Agli occhi del mondo l’impegno di Amro per la non violenza lo ha reso un portavoce di particolare rilievo e visibilità per il suo popolo. L’anno scorso ha ricevuto le visite di alcuni membri del Congresso americano e, pur essendo imminente la data originaria fissata per il suo processo, è andato in Belgio dove ha conosciuto il presidente del Parlamento europeo e ha preso la parola davanti all’assemblea dei parlamentari.

 

Esistono palestinesi che uccidono, che indossano giubbotti imbottiti di esplosivo per farsi saltare in aria, usano autobombe, aggrediscono a coltellate soldati e civili israeliani. Issa Amro non appartiene a questa categoria: al contrario, il suo impegno nei confronti del movimento che considera la resistenza non violenta l’unica strada percorribile per indurre un cambiamento duraturo, è la migliore speranza di pace per palestinesi e israeliani.

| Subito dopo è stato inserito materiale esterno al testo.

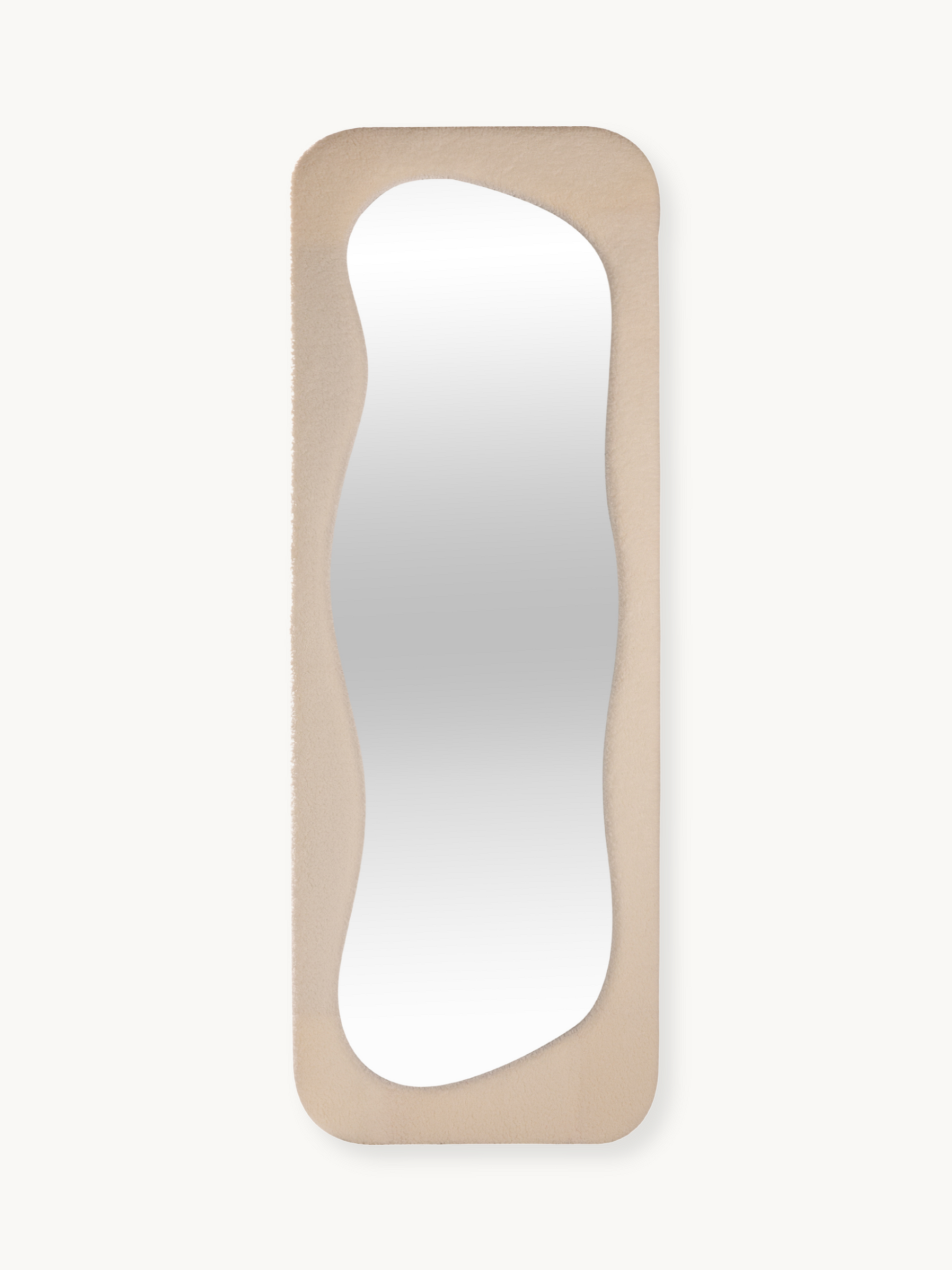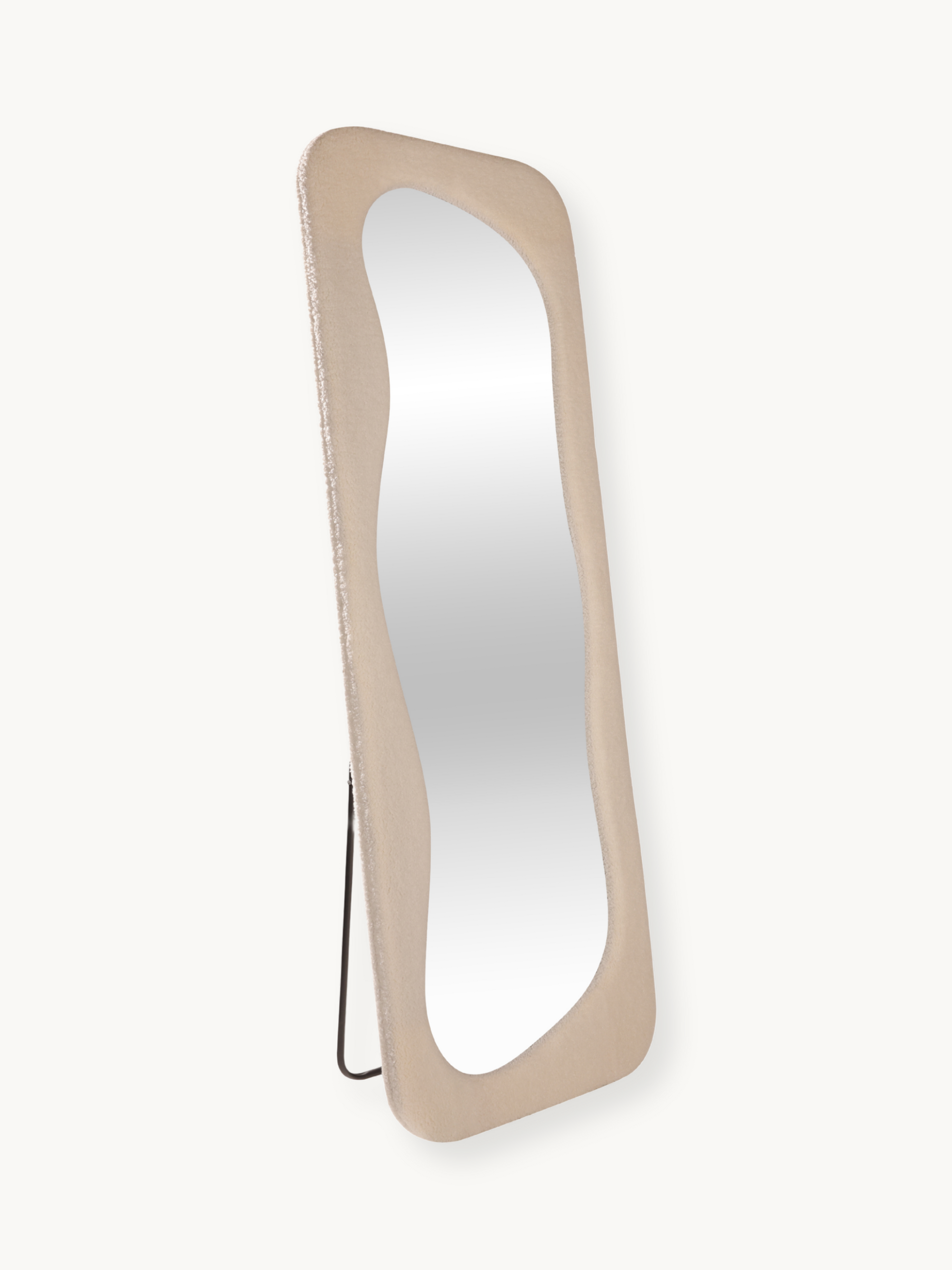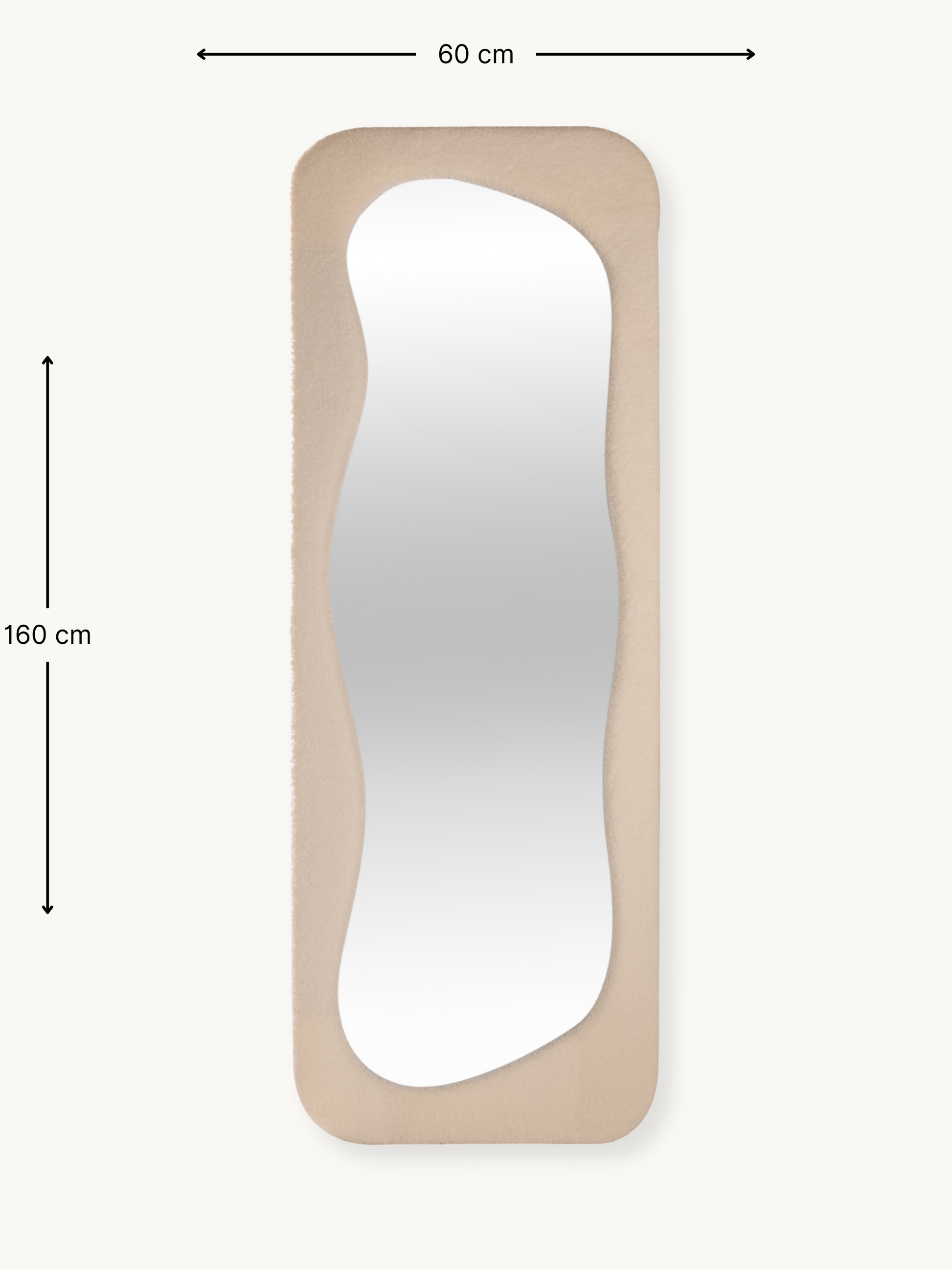 Asymmetrische staande spiegel Felis met teddystof bekleding

Se Israele perseguita e persegue penalmente organizzatori comunitari come Amro, alla gioventù palestinese non resterà nessun modello al quale fare riferimento per capire come dissipare frustrazione e disperazione. Gli unici rimasti saranno come Mohammad Tarayreh, che il 30 giugno 2016 si è intrufolato nell’insediamento di Kiryat Arba alla periferia di Hebron, ha fatto irruzione nella camera da letto di Hallel Yaffa Ariel, una tredicenne israeliana, e l’ha pugnalata a morte. A furia di incatenare il pugno alzato della resistenza, lasceranno libera soltanto la mano che impugna il coltello.